In a word: If you thought being hit by a massive solar flare from our sun was a freak event, there’s some bad news. New research suggests that killer super-rashes might actually be much more common than we previously thought.

Superflares are intense solar storms up to 10,000 times more powerful than regular flares that release intense electromagnetic radiation and energetic particles into space. This radiation can fry electronic devices, wipe out data servers, and send satellites crashing back to Earth. While their effects may not have been as profound a century or so ago, they could prove devastating in a modern world that runs primarily on these technologies.

The study, led by astronomers at the Max Planck Institute and published in the journal Science, looked at more than 56,000 sun-like stars observed by NASA’s Kepler telescope between 2009 and 2013. During this window , they identified a staggering 2,889 superflares from 2,527 of these stars.

Previously, estimates based on more limited samples suggested that our type of star might only emit one of these flares every few thousand years. But this new, more complete analysis indicates that Sun-like stars probably experience them about once per century on average.

Why this sudden and dramatic jump in the frequency of super-flares projected for our sun? The researchers attribute it to overcoming the biases of previous studies that excluded many Sun-like stars by only considering those with rotation periods similar to our star.

“We used a new reflection detection method developed by our group to identify the sources of reflections in light curves and images with sub-pixel resolution, taking into account instrumental effects,” explained Valeriy Vasilyev, the doctoral student Max Planck who led the work, at Live Science. .

The potential implications for Earth are concerning. The infamous Carrington Event of 1859, one of the most powerful solar storms in recent history, already released energy equivalent to 10 billion single-megaton nuclear bombs when it struck our planet.
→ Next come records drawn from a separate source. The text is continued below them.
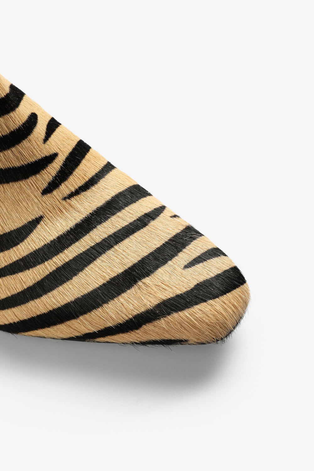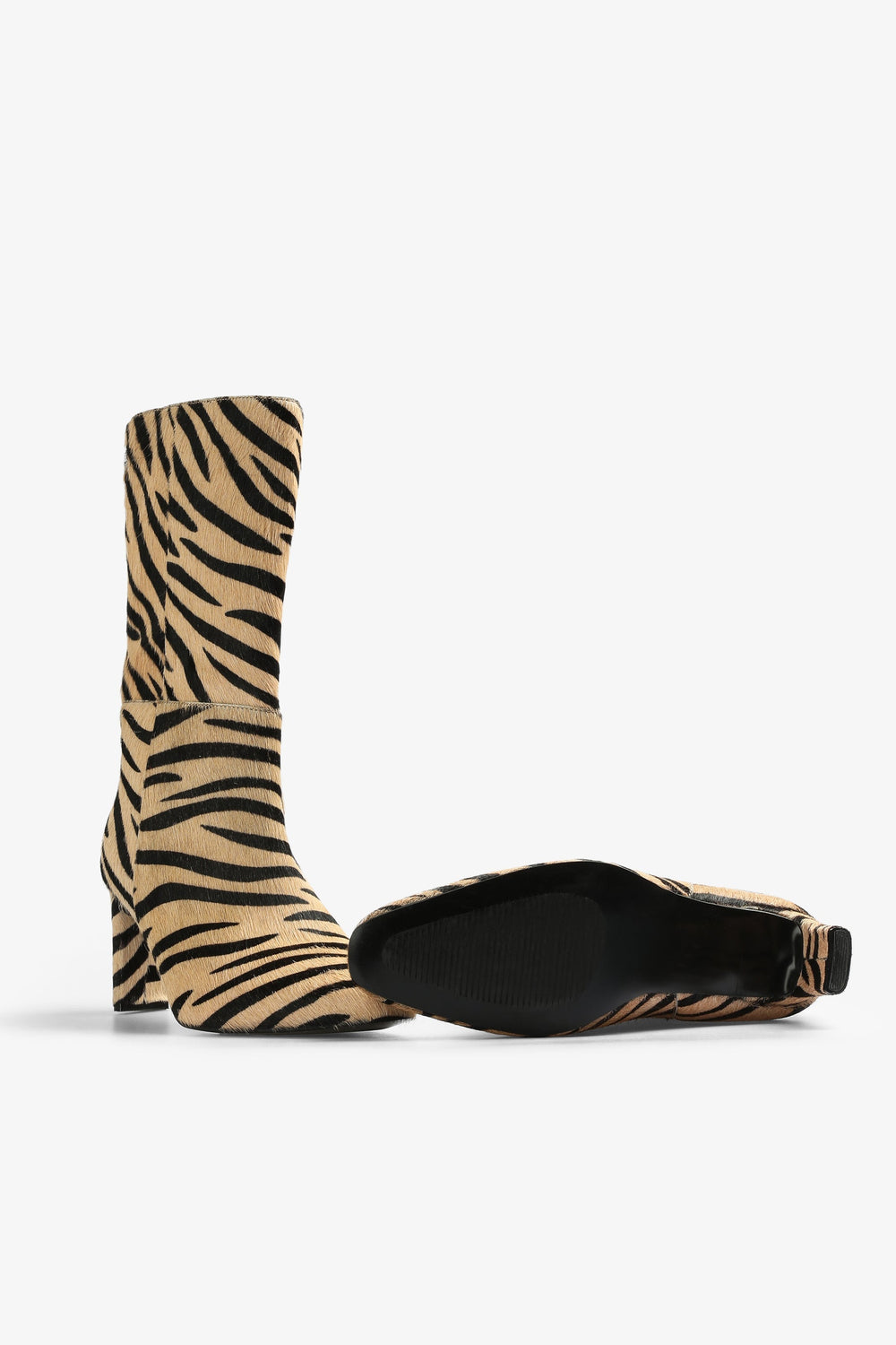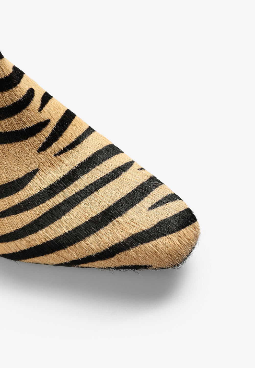 Botas de inspiración de cebra confeccionadas en 100% piel. Caña media, tacón alto y detalle de calavera metálica.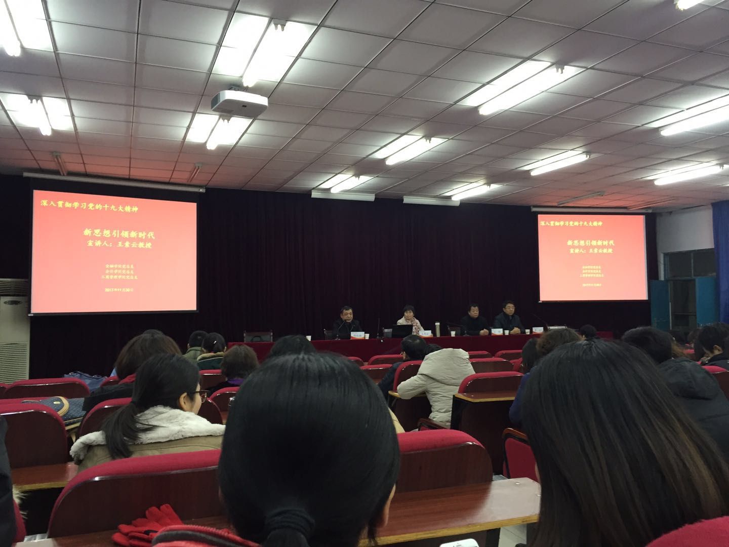 11月30日下午,马克思主义学院院长、学校学习贯彻党的十九大精神宣讲团成员王素云教授,在英才校区E109教室,为工商管理学院党总支、金融学院党总支、会计学院党总支全体教职工作十九大精神宣讲报告。报告会由金融学院党总支书记胡红林主持。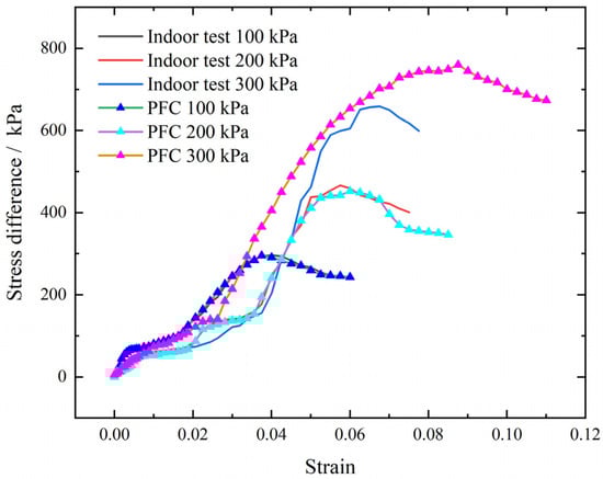 The trend in the stress–strain curves is the key to determining the relationship between the meso-parameters and macro-parameters; this is also the micro-parameter calibration method adopted by most scholars. On this basis, the stress–strain curves were obtained, as shown in Figure 7. Compared with the indoor triaxial test, the trends of the two stress–strain curves obtained from the numerical triaxial test under the same ambient pressure are essentially the same as those of the indoor test, and the peak deviation stress error of the gangue is largely maintained within the range 0~1 KPa.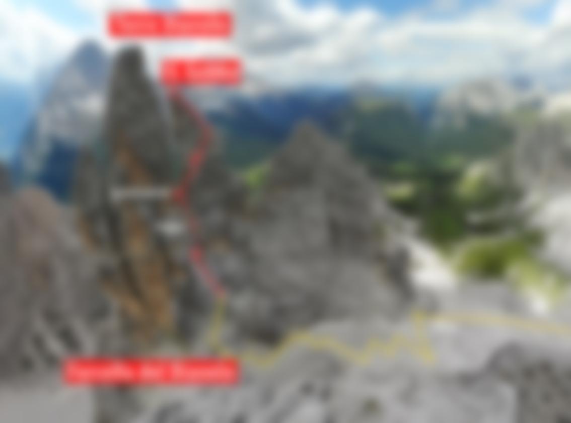 Fantastischer Dolomiten-Klassiker auf einen wilden Felszapfen, den sogenannten Il Gobbo. Die Führe bietet Wand-, Kamin- und Gratkletterei vom Feinsten - oft ist man recht ausgesetzt und hoch über dem letzten Bohrhaken unterwegs. Der Fels ist perfekt fest, vor allem für diesen Schwierigkeitsgrad! Der Kamin und der Abschlussgrat sind sehr luftig. Der Kamin macht zuerst einen etwas schweren Eindruck, doch wenn man ihn schön ausspreizt geht es dann leichter als es aussieht. Auch das Abseilen ist für so eine leichte und kurze Route spektakulär. Ein toller Dolomiten-Klettertag mit Drei-Zinnenblick!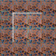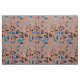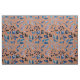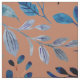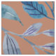 Watercolor leaves in shades of blue on rust/burnt orange fabric.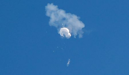 SURFSIDE BEACH, S.C. (Reuters) -A U.S. military fighter jet shot down a suspected Chinese spy balloon off the coast of South Carolina on Saturday, a week after it first entered U.S.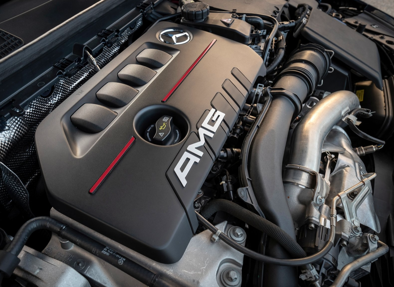 เครื่องยนต์เบนซินแถวเรียง 4 สูบ เทอร์โบชาร์จแปรผัน twin-scroll turbocharger รหัสเครื่องยนต์ M260 ขนาด 2.0 ลิตร พร้อมระบบ CAMTRONIC variable valve control จ่ายเชื้อเพลิงด้วยหัวฉีดแรงดันสูง piezo injectors multi-spark ignition ผลิตกำลังได้ 225 กิโลวัตต์ หรือ 306 แรงม้า กับแรงบิด 400 นิวตันเมตร แจกจ่ายแรงฉุดลากให้กับล้อทั้งสี่ผ่านระบบขับเคลื่อน 4 ล้อ 4MATIC ที่เชื่อมต่อกับเกียร์ทวินคลัตช์ 8 สปีด AMG SPEEDSHIFT DCT 8 Speed dual-clutch transmission โหมดการขับเคลื่อนปรับผ่านปุ่ม DYNAMIC SELECT พร้อมโปรแกรมใหม่ 'Slippery' เริ่มจาก Comfort, Sport, Sport + และ Individual ที่ผู้ขับสามารถปรับตั้งการทำงานและการตอบสนองแบบแยกย่อยของเครื่องยนต์ เกียร์ และพวงมาลัยไฟฟ้า ตัวเลขสมรรถนะ Mercedes-AMG GLA35 4MATIC เร่งจากหยุดนิ่งถึง 100 กม./ชม. ใน 5 วินาที ความเร็วสูงสุดถูกจำกัดด้วยระบบอิเล็กทรอนิกส์เอาไว้ที่ 250 กม./ชม. ไม่มีสตรัทบาร์ค้ำยันเหมือนใน AMG CLA 35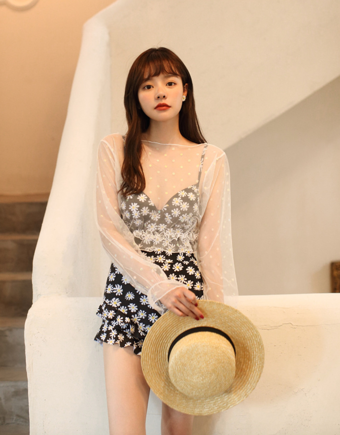 ✨Bộ đồ bơi bikini nữ 1 mảnh đi tắm biển hoa cúc kèm áo croptop ren trắng chấm bi tiểu thư hot trend 2021- B02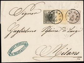 1850 - 10c nero (tiratura antica), tre ST3, delle quali due al recto e una al verso di 'RACCOMANDATA' da 'SABBIONETTA [..]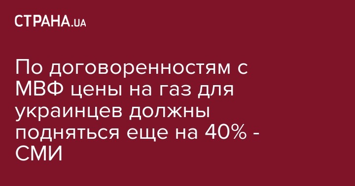 По договоренностям с МВФ цены на газ для украинцев должны подняться еще на 40% - СМИ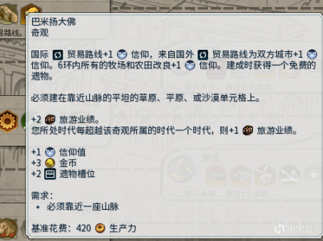 - 它带来的信仰,可以让你早期万神殿很有可能拿掉宗教移民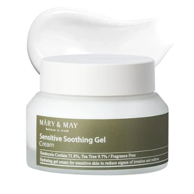 COOLING, SOOTHING, AND REDNESS RELIEF FOR SENSITIVE SKIN: The Sensitive Soothing Gel Cream delivers instant cooling relief to sensitive, irritated skin. With its derma-soothing complex, this lightweight gel cream calms redness, reduces pore size, and hydrates the skin without causing irritation. It is perfect for soothing skin that's prone to heat and redness while tightening pores for a smoother complexion. KEY INGREDIENTS FOR EFFECTIVE SKINCARE: Infused with Houttuynia Cordata extract, known for its calming properties, this cream soothes and nourishes sensitive skin. Tea tree extract works to cleanse pores and provide relief from blemishes, while panthenol (vitamin B5) locks in moisture, promoting long-lasting hydration and skin repair. EWG GREEN GRADE AND ALLERGEN-FREE FORMULA: This gel cream is formulated with EWG green grade ingredients and is allergen-free, ensuring it’s safe for even the most sensitive skin types. Its refreshing, non-sticky texture allows it to absorb quickly, leaving your skin hydrated and comfortable with a cooling, smooth finish. HOW TO USE FOR MAXIMUM EFFECTIVENESS: Apply a generous amount of the gel cream to your face and gently massage it into your skin until fully absorbed. Use it in your morning and evening skincare routine to provide continuous hydration, soothing relief, and a refreshed complexion throughout the day. COMMITMENT TO CLEAN BEAUTY FROM KOREA: Proudly hailing from Korea, MARY & MAY embodies the essence of clean beauty with a conscience. Our products are not only vegan and cruelty-free but also made with all EWG green grade ingredients. We are dedicated to eco-friendly practices, utilizing 100% recycled paper and soybean oil ink for our packaging. This commitment reflects our deep respect for both skin health and environmental sustainability.

Of course, the new study doesn’t prove that our sun will trigger such an extreme event any time soon. Questions still remain open, such as potential differences between observed blazing stars and conditions on our own sun. The first is that 30% of these blazing stars exist in binary pairs that can trigger superflares through tidal forces – which is not applicable to our lone star.

Researchers recognize that more research is needed to determine the true risk our sun poses to Earth’s infrastructure and systems. Better space weather forecasting and monitoring, aided by future sun-observing missions like the European Space Agency’s Vigil probe scheduled for launch in 2031, could help provide more clarity.